Thursday, 5 October 2017

Pelvic Health Series: Our journey to regaining strength, alignment, and function Kellie - part 1

photo by Roughley Originals

Every single one of us is different. One of the most amazing aspects of my job is to witness the vast differences between each pregnant body as they exercise and how their body transforms postpartum. Most women will have similarities between their own pregnancies and births. Many women can even find a few similarities with other women as they discuss their stories. I think you would be hard pressed to find two stories more similar than mine and Jamie’s are, which is truly incredible, as we have only known each other for 18 months. That being said, they are not identical stories and for that reason I will also be sharing my story of regaining strength, alignment, and function through the help, expertise, and guidance of a pelvic health physical therapist.
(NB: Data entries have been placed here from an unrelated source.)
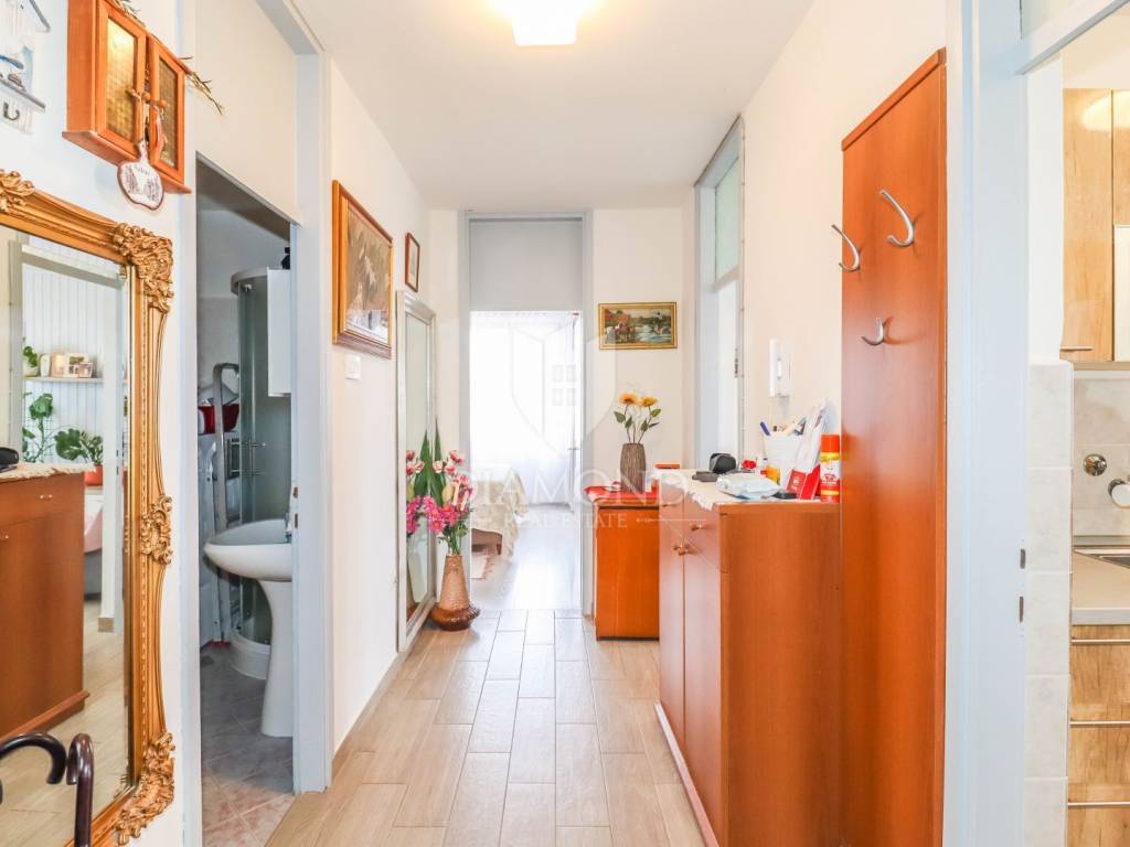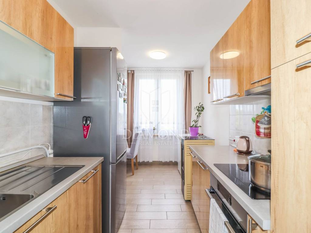 Stan je odlično raspoređen – već na ulazu vas dočekuje hodnik iz kojeg se ulazi u sve prostorije: dvije spavaće sobe, veliku kupaonicu, kuhinju s blagovaonicom, dnevni boravak pun svjetla i balkon idealan za opuštanje. Tu je i ostava koja uvijek dobro dođe.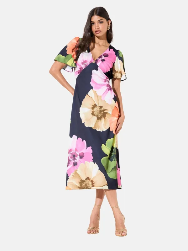 Design: Gevoerde zoom/rand; Materiaal: Satijn; Halstype: V-hals; Motief: Bloemenprint; Details: Gedrapeerd; Extra's: All-over patroon; Lengte: 3/4 lengte; Snit: Getailleerd; Pasvorm: Normale pasvorm; Armlengte: Halve mouw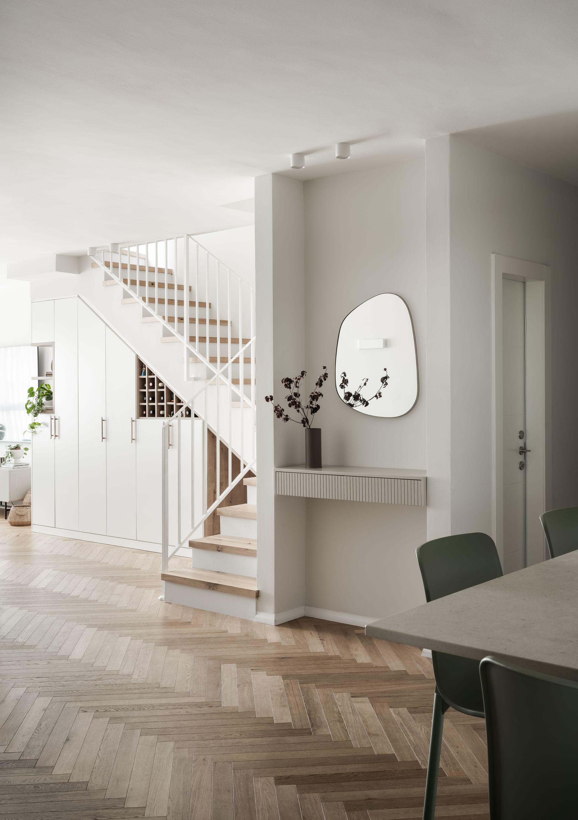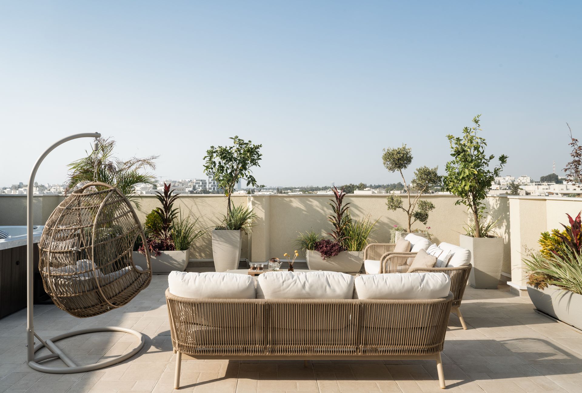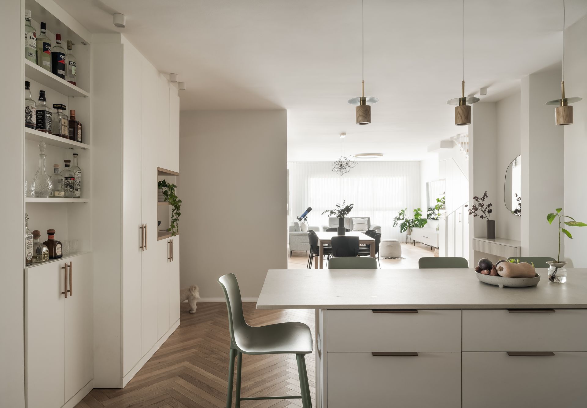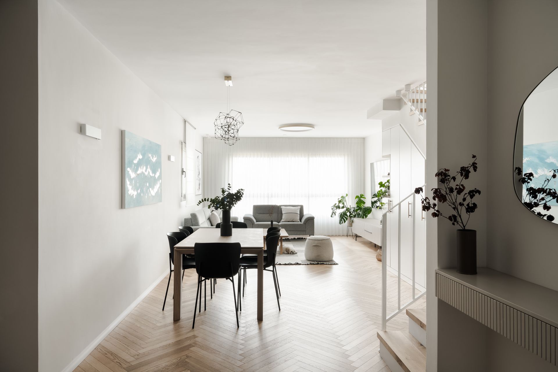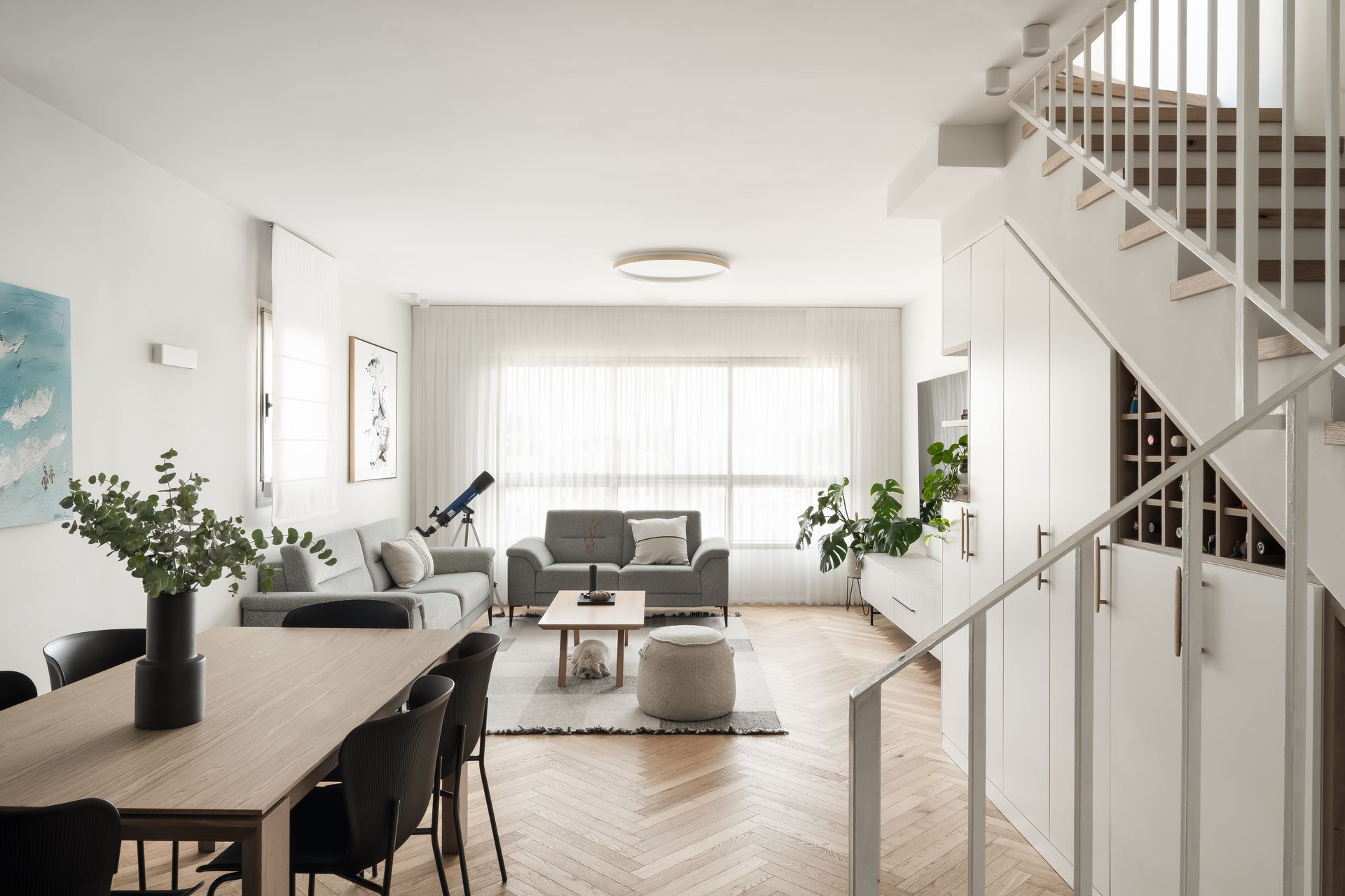 פנטהאוז דו-מפלסי בן 50 שנה בצפון תל אביב עבר שיפוץ מקיף עבור משפחה בת ארבע נפשות. המטרה: להפוך את הדירה לבית שמשרת את המשפחה היום וגם לשנים קדימה, תוך מימוש הפנטזיה של בית פרטי בתל אביב. השפה העיצובית נשענת על צבעים בהירים, חומרים טבעיים ונגרות מותאמת אישית שממשיכה את קווי המבנה.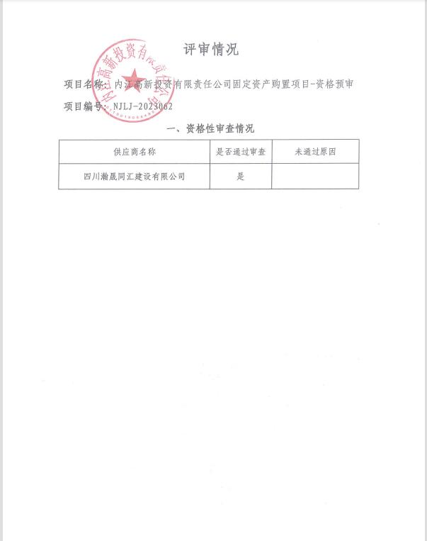 內(nèi)江高新投資有限責(zé)任公司固定資產(chǎn)購置項目資格預(yù)審結(jié)果公告

photo by Roughley Originals
After one miscarriage, my husband and I went on to have two healthy pregnancies. Our oldest daughter Brooke was born by urgent cesarean section in April 2014. Our youngest daughter Mikah was born by elective repeat cesarean section in October 2016. You can read her birth story here. I stayed active through both pregnancies, which included running (stopped at 25 and 32 weeks, respectively), strength training, and yoga amongst other leisure activities and hobbies (biking, hiking, etc.). I officially started Fit Your Life by offering prenatal and postpartum fitness seminars in February 2015. Since that time, I have continued to learn, through various means, about pregnancy health and postpartum fitness. I absolutely fell in love with putting this newly discovered knowledge into practice within my own body during Mikah’s pregnancy. After her birth and through my healing, I began finding my new daily routine. Even before I was cleared for exercise postpartum, as a new family of four, we would go downstairs first thing in the morning and pull out our mats. This was an awesome ritual Brooke, Keith, and I had developed and wanted to continue. While Keith and Brooke worked out, Mikah would lie on my exercise mat and I would stretch, move gently, and connect with my changing body through breath. As I was able, I slowly re-introduced more movement in these morning sessions and loved the way I was feeling! I felt strong and connected! I thanked my prenatal exercise routine, my balanced nutrition intake, and my supportive family for this.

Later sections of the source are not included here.